Touch Bar is a tentpole feature of the MacBook Pro I just ordered.

I’ll reserve final judgment until I actually can use it for a while – but I am extremely skeptical it makes sense from a usability perspective. On first principles it seems – awful.

Modal Keys

Function keys are bad interfaces because they are modal – they change what they do depending on application context in unpredictable ways without clear indication.

Other keys do the same expected thing at all times. (Mostly.) So it’s hard to know what a function key will do and that modality makes harder to use them without error, and they have a high learning curve.

I am old enough to remember putting plastic overlays on top of function keys so their usage within WordPerfect was clear when you looked down.

That was, to put it mildly, a less than ideal interface.

The best application of these function key relics from decades past has been dedicating them to media keys (volume, play, etc) that you can depend on and develop muscle memory for. People actually use those to change volume, brightness, and stop music.

Removing that so that you can have variable touch inputs that require you to look down seems like an odd tradeoff to me.

Did we just make a prettier version of those WordPerfect overlays? At least those were all buttons, these can be virtual sliders, buttons, dials, or any number of touch interfaces.

Inputs and Outputs

What makes laptops and desktops different from touch devices is you manipulate on-screen entities using off-screen input devices.

Input below, output above. Eyes on output, fingers on inputs.

If you have to look, process, and focus on the input device while the output device is elsewhere you will slow progress to a halt as your attention shifts between input and output.

This is why we train to touch type rather than hunt and peck for each key, and why looking at your mouse while trying to point to something is going to make it impossible to succeed. If you can’t operate off-screen inputs with muscle memory, then your input takes away the focus from the entity you are manipulating on-screen.

Input = Output

Touch devices are different since the input and output devices are the same. You end up directly manipulating objects of interest, no context shifting or mappings needed.

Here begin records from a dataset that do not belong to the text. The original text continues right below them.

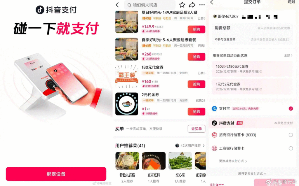 최근 도우인(글로벌 서비스명: TikTok) 앱에 추가된 도우인 마이단(도우인 결제) 기능은 상하이, 선전, 항저우 등 대도시를 중심으로 시범 서비스 중이다. 식당, 편의점, 마트, 레저 등 고빈도 오프라인 소비 영역을 공략하며, 체인 브랜드부터 동네 소상공인까지 파트너사를 확대하고 있다.
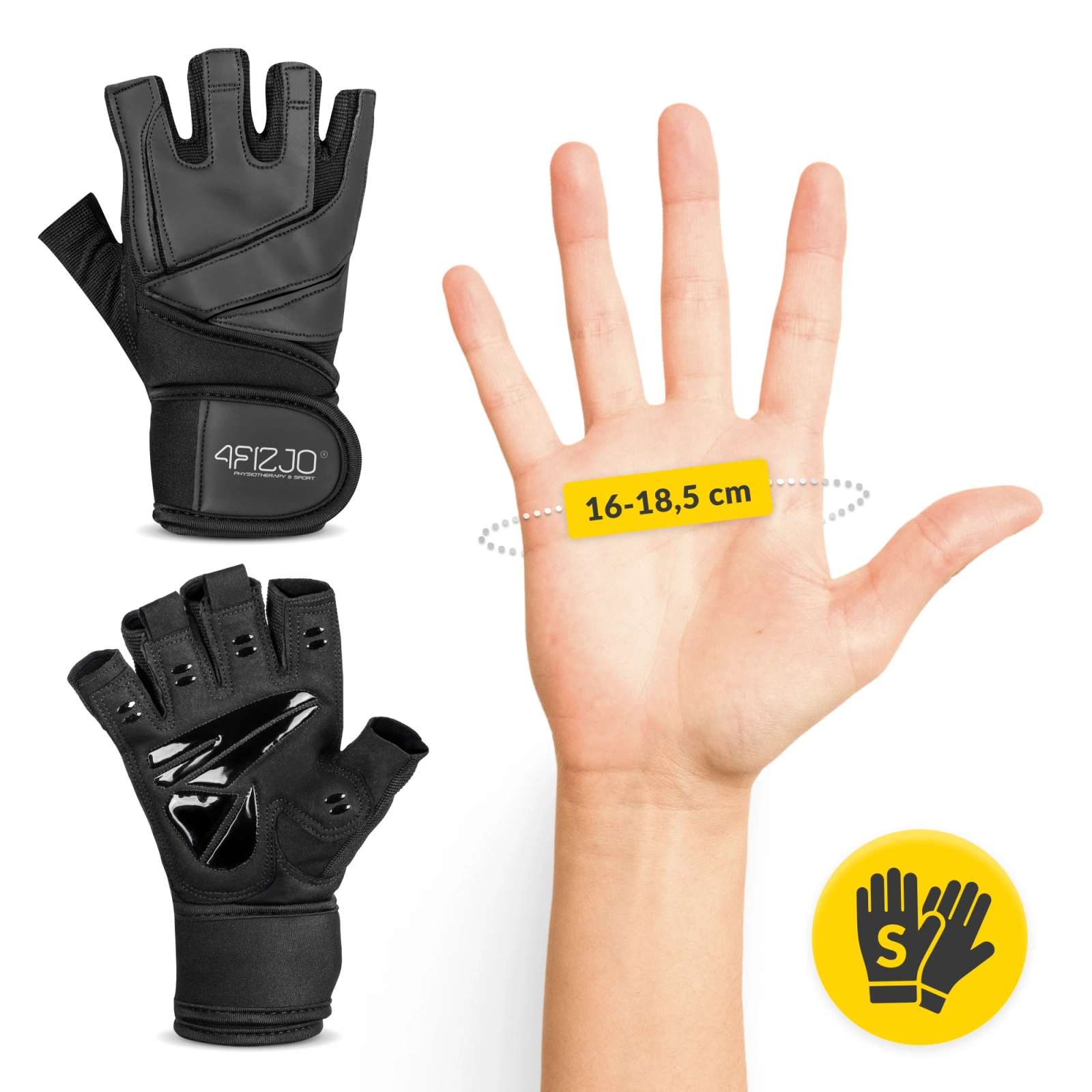 Az S méretű 4FIZJO PRO edzőkesztyű univerzális fekete színben készült, amely mind férfiak, mind nők számára ideális. Emellett a fekete árnyalat könnyen kombinálható a legtöbb sportruhával.
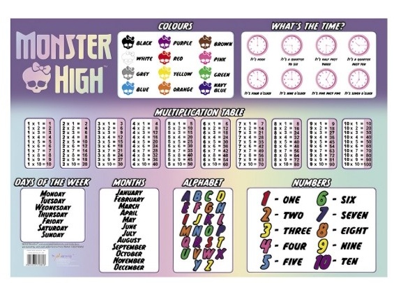 Коврик для стола St.Majewski Monster High, формат А3, двусторонний, 661280 Характеристики товара: - можно использовать как коврик под тарелку с едой в столовой или как защитный коврик для стола при рисовании, письме, черчении или лепке из пластилина, - изготовлен из мягкого, легко моющегося материала, - легко сворачивается для транспортировки, - формат А3.
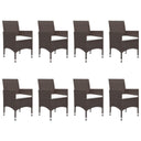Ensemble à manger de jardin avec coussins 9 pcs marron
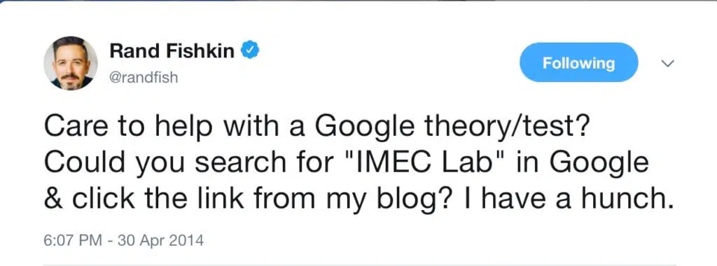 Par exemple, Rand Fishkin, le créateur de Moz, a mené une expérience pour montrer à quel point le CTR est important pour décider du classement de votre site web. Il a donc demandé à son auditoire de rechercher un mot clé (le laboratoire IMEC) sur Google et de cliquer sur le résultat de recherche mentionné. Voici le tweet qu’il a envoyé :

The Squishy Terrible Middle

By putting a touch interface that requires visual attention in between the dedicated input (keyboard and trackpad) and output (screen) of a laptop, this suggests replacing fast actions with ones that would seem to be necessarily slower.

It also just mixes two very different models – direct mapping (keyboard/trackpad) and direct manipulation (touch) in a way that I can only assume will make our brains hurt.

How / Why / Huh?

While this may be interpreted as the marquee feature of the device, my guess is that it may have started more conservatively – adding in the technology to enable TouchID necessitated most of the guts of an Apple Watch / touch device, so might as well add in a screen too and multitouch!

But when your user experience ignore fundamentals of human computer interaction research and basics of human factors, glitzy marketable features and cool factor will wear off quickly.

I’d be more surprised about this but after 3D Touch (hey! let’s take the least disocverable, hardest to use feature of Android and make it more complicated by adding pressure as a variable!), pinch to zoom on a tiny Apple Watch, and nearly everything about Apple TV, I’m worried there are too few “no’s” in Cupertino right now.